The Veritas planing stops has proven their value in the shop so far. Easy to slap in place when some flailing of the plane is due. But when they are not needed, they need to be removed from the bench. Essential tools goes on the wall, less frequent used tools in less and less easily accessible places. As I am writing this, my shop is a state of semi-controlled chaos of the “I put everything on top so I know where it is” kind. But as I continue building shop infrastructure, things start to find their home. Little by little, order emerges from chaos and the shop entropy dwindles.

I bought a planing stop, and shortly after I ordered another one to use perpendicular to the first. By placing it directly in front of the vise, I can use the dog in the vise and clamp against the planing stop

I rummaged through the pile of offcuts and grabbed a piece of pine. I then took a piece of oak strip which I though would look nice. The wall is painted white, and the pine is rather light in color. Some contrast would look nice, I thought. And who doesn’t like oak?

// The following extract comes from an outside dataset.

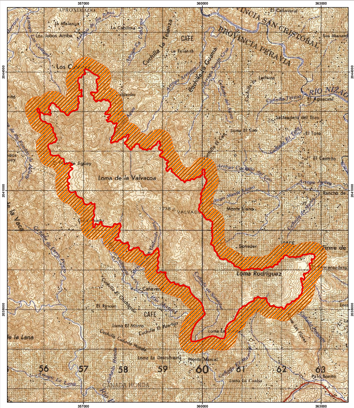 la divisoria topográfica entre el río Maniel y la cañada Sonador hasta su

I planed the pine pieces 4S and shot the ends square. I then ripped the oak strip and cut the pieces to length before planing the cuts and shooting the ends square as well. I then glued the oak strip with a 5mm overhang on both sides, 2mm overhang at the bottom and about 6 mm overhang on the overside. This was by happy accident, as I did not plan for any specific measurements. After all, they are just for holding the planing stop. No need to get overly fancy.

The cam clamps are good tools, but I found that the clamping force on a few of them makes the pieces move a bit. I guess I have to bite the bullet and get some better clamps, or maybe make my own cam clamps.

After the glue grabbed, I did not have any problems.

The test after the glue dried proved the design. I applied some walnut oil to pop the grain on the oak a bit. The next day I buffed the surface with a cloth, which gave a nice semi gloss shine to the surface. Some nice ray flecking is visible on the top of one of them.

Which is the longest? Which is the biggest? What is still true?

A couple of countersunk screws, and the planing stops are easily accessible on the wall when I need them. They are mounted so that the lower one can be lifted out without disturbing the top one. Why I would do that, on the other hand, is another question. Sometimes I overthink stuff, but the planing stops are now on the wall next to the bench.